Woods exhibited in London from 1868, showing primarily Venetian subjects from 1877 at venues such as the Royal Academy, Royal Institute of Oil Painters, Fine Art Society and Arthur Tooth and Sons Gallery, as well as at the Royal Society of Artists in Birmingham, Walker Art Gallery in Liverpool and Manchester City Art Gallery. His paintings include Portrait of a Venetian (Warrington) and Cupid's Spell (Tate Gallery, London). In 1889 he was awarded a bronze medal at the Salon in Paris.

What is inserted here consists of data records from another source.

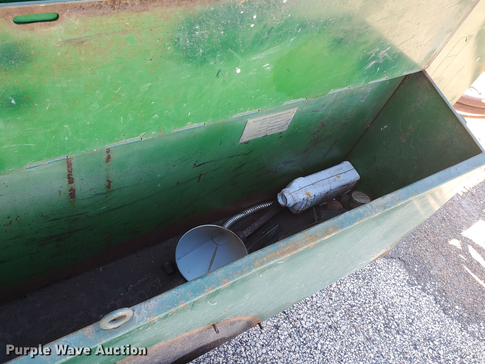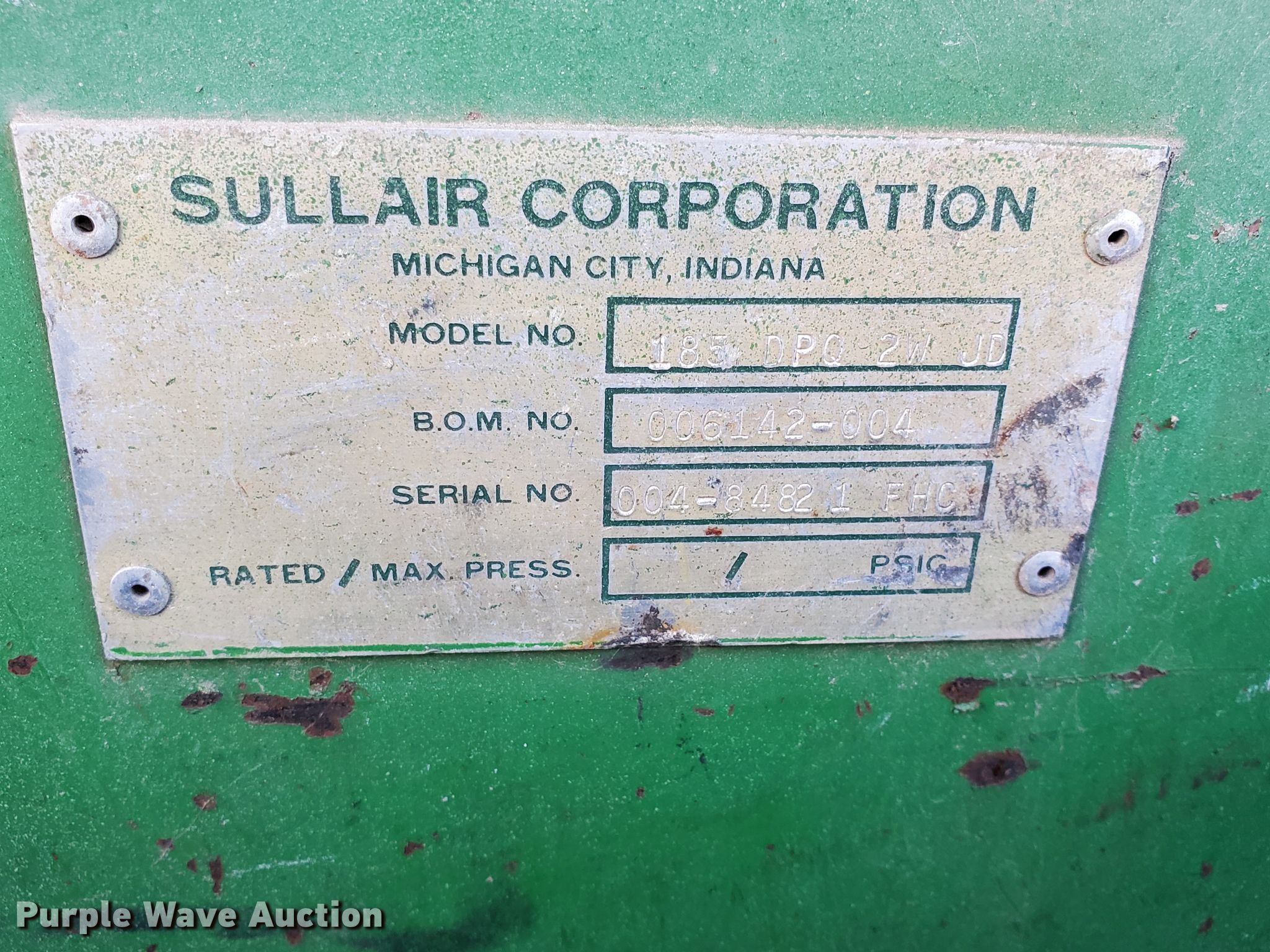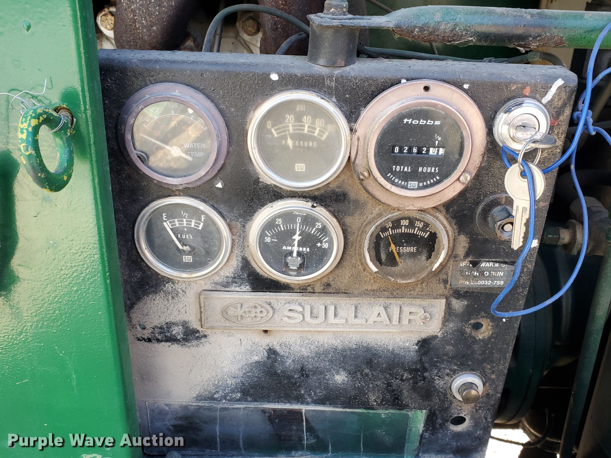 Purple Wave is selling a used Air Compressor in Kansas. This item is a Sullair 185DPC2WJD air compressor with the following: 262 hours on meter, Serial: 004-84821FHC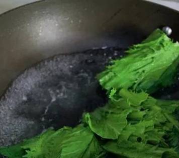 6、然後往鍋中再放水燒開,加入少許鹽,放入芥菜過水,裝盤。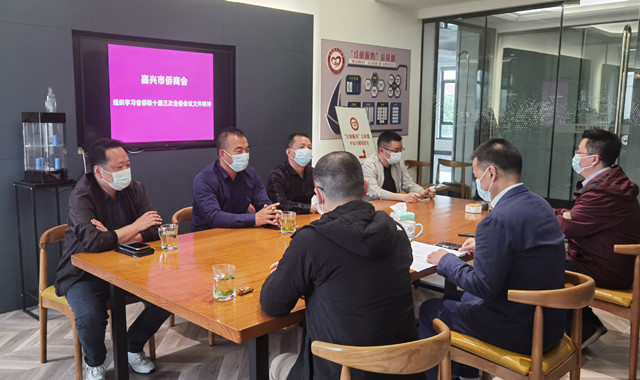 4月29日,嘉兴市侨商会在浙江汇信实业股份有限公司会议室召开专题学习会,传达学习浙江省侨联十届三次全委会议精神。会长戴其丰通过视频连线的方式参加会议并讲话;监事长蔡国伟、执行会长汪维佳通过线上参加会议;常务副会长蒋加伟、胡生,副会长朱旭峰、张叶凯,理事马忠伟等参加会议。会议由蒋加伟主持。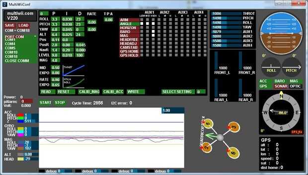 3. en el lado izquierdo del programa MultiWiiConf, seleccione el puerto COM que está conectado a la FC (la misma seleccionada en el software de Arduino). Después de que se conecta a la FC, la lista de puertos COM, así como los botones de START y STOP en la aplicación media cambiará de rojo a verde.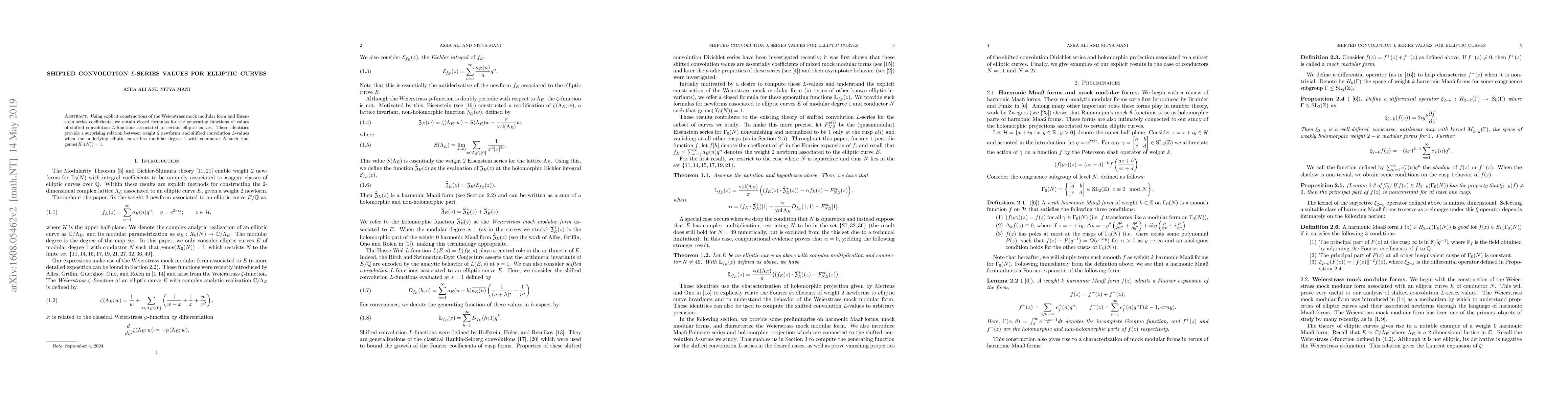 Using explicit constructions of the Weierstrass mock modular form, we offer a closed formula for generating the values of shifted convolution $L$-values for certain elliptic curves that can be computed to arbitrary precision. These identities provide a surprising relation between weight $2$ newforms and shifted convolution $L$-values.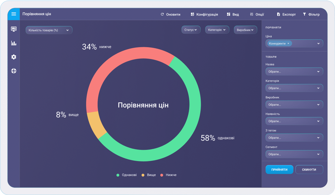 Платформа аналізує ваше цінове положення на ринку: скільки конкурентів мають кращі і гірші ціни, на скільки ціни відрізняються, у кого ціни нижчі та вищі за ваші.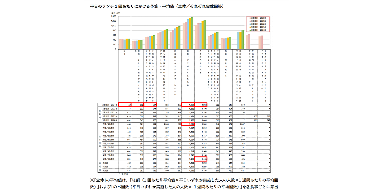 働く人の平日ランチ、全体平均は「452円」で過去最高額に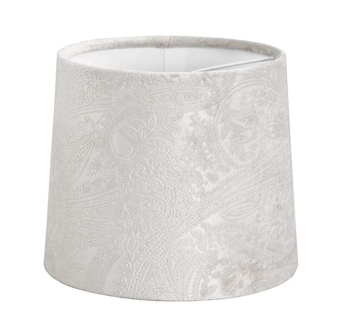 Läcker sammetsskärm från Oriva med ett härligt dovt mönster, skärmen finns i flera storlekar och färger. Här ser du Paisley 16 cm i grått.
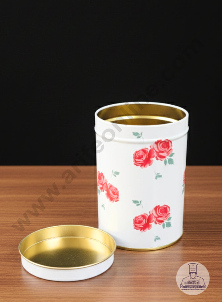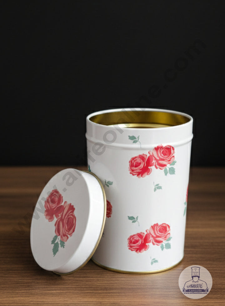 This is a cylindrical metal storage tin with a removable lid, featuring a simple, classic rose floral pattern on a white background.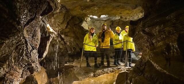 « La lumière dans la grotte est très bénéfique. Je travaille ici depuis cinquante ans et j’ai l’air d’en avoir quarante. » Nous nous retrouvons de nouveau sous terre, cette fois dans la grotte du Spannagel, et le guide Christoph s’amuse de sa énième dad joke. Vous savez, ce genre de blague qui fait uniquement rire votre paternel. L’enthousiasme débridé de Christoph est en revanche extrêmement contagieux. En tout cas, notre humeur est au beau fixe. Quelques instants plus tôt, on nous a donné des casques et des gilets jaunes (y a-t-il encore des voitures dans le coin à soulever et incendier ?) et nous avons descendu un escalier de pierre vers ce monde souterrain.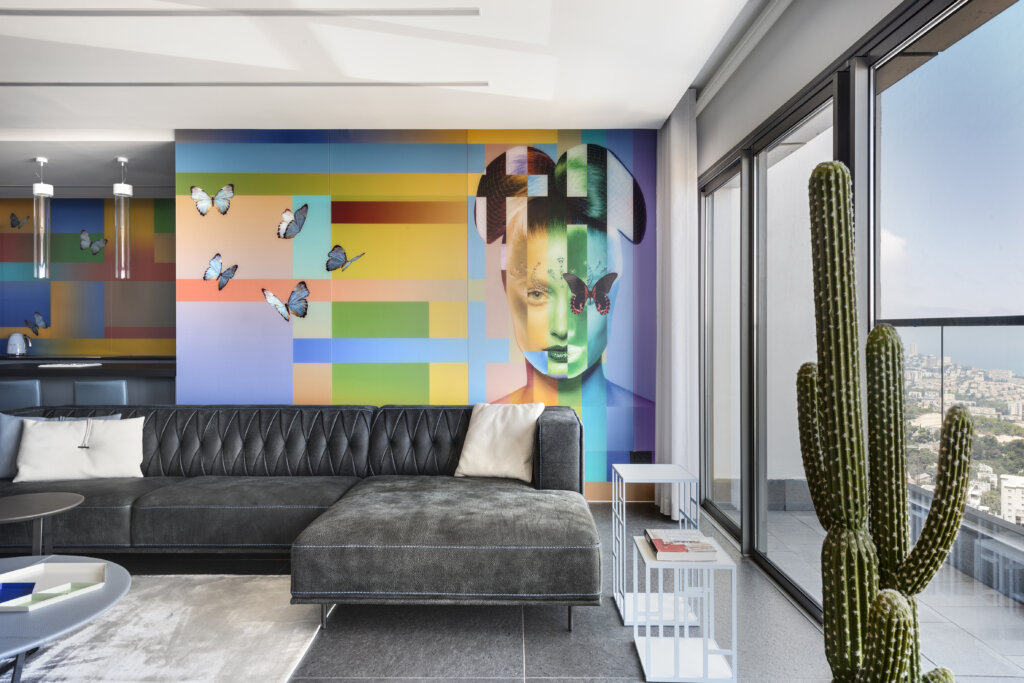 הסלון מתוכנן כך שיוכל לארח בנוחות – עם תאורה דימרית, פינת ישיבה נוחה ולעיתים גם בר קטן ליין.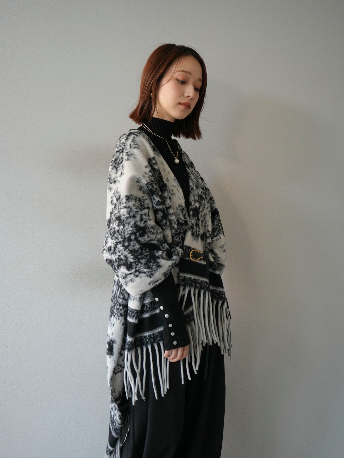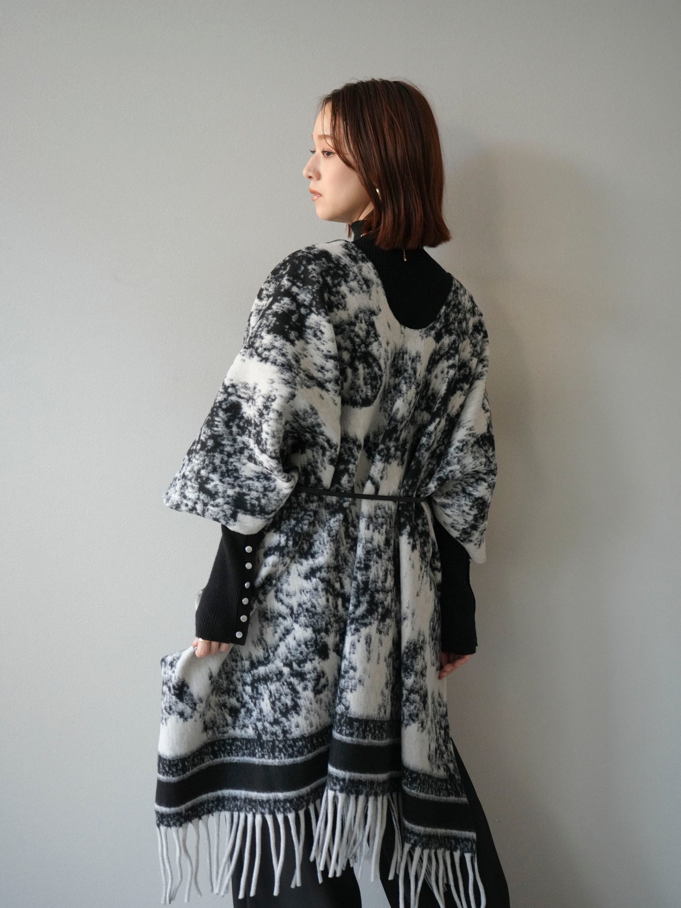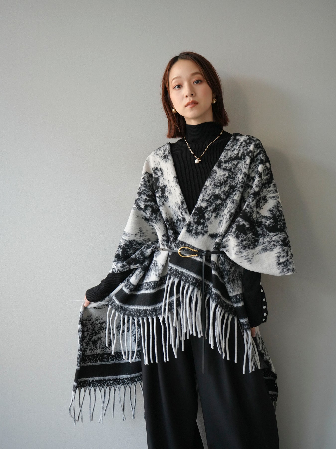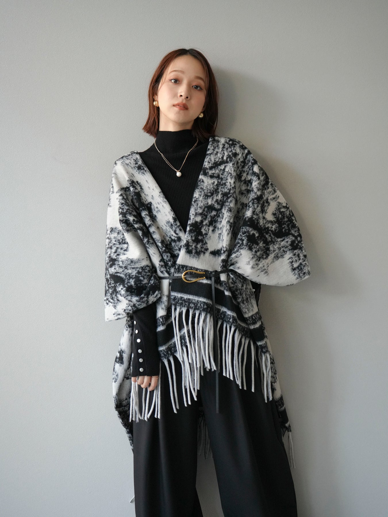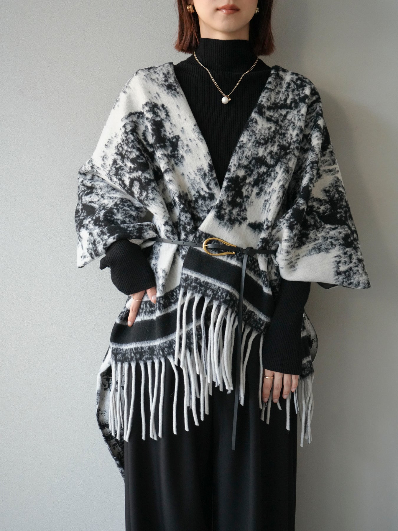 抽象的なアブストラクト柄が目を惹くストールポンチョ。やわらかな肌触りと程よいボリューム感で、羽織るだけでこなれた印象を演出します。両サイドにフリンジをあしらい、動きのあるデザインに仕上げました。肩からふんわりと掛けるだけで、コートいらずの軽やかなアウター代わりとしても活躍。デイリー使いはもちろん、旅行やお出かけにもぴったりな万能アイテムです。 ※ボトムス、キャミソール(インナー)以外の商品は一律でインナーは付属していません。

Woods was elected an associate of the Royal Academy in 1882, becoming a full member in 1893, and joined the membership of the Royal Institute of Oil Painters in 1883. He was a member of The Arts Club from 1873 until at least 1920: writing to Helen Whistler in 1880, Whistler declared that whilst in London Woods could be found every night at The Arts Club (#06690).

Bibliography:

Bacher, Otto, With Whistler in Venice, New York, 1908; Bénézit, E., Dictionnaire des Peintres, Sculpteurs, Dessinateurs et Gravers, 8 vols, Paris, 1954-61; Fildes, L. V., Luke Fildes, R.A.: A Victorian Painter, London, 1968; Johnson, J., and A. Gruetzner, Dictionary of British Artists 1880-1940, Woodbridge, 1980; MacDonald, Margaret F., Palaces in the Night: Whistler in Venice, London, 2001.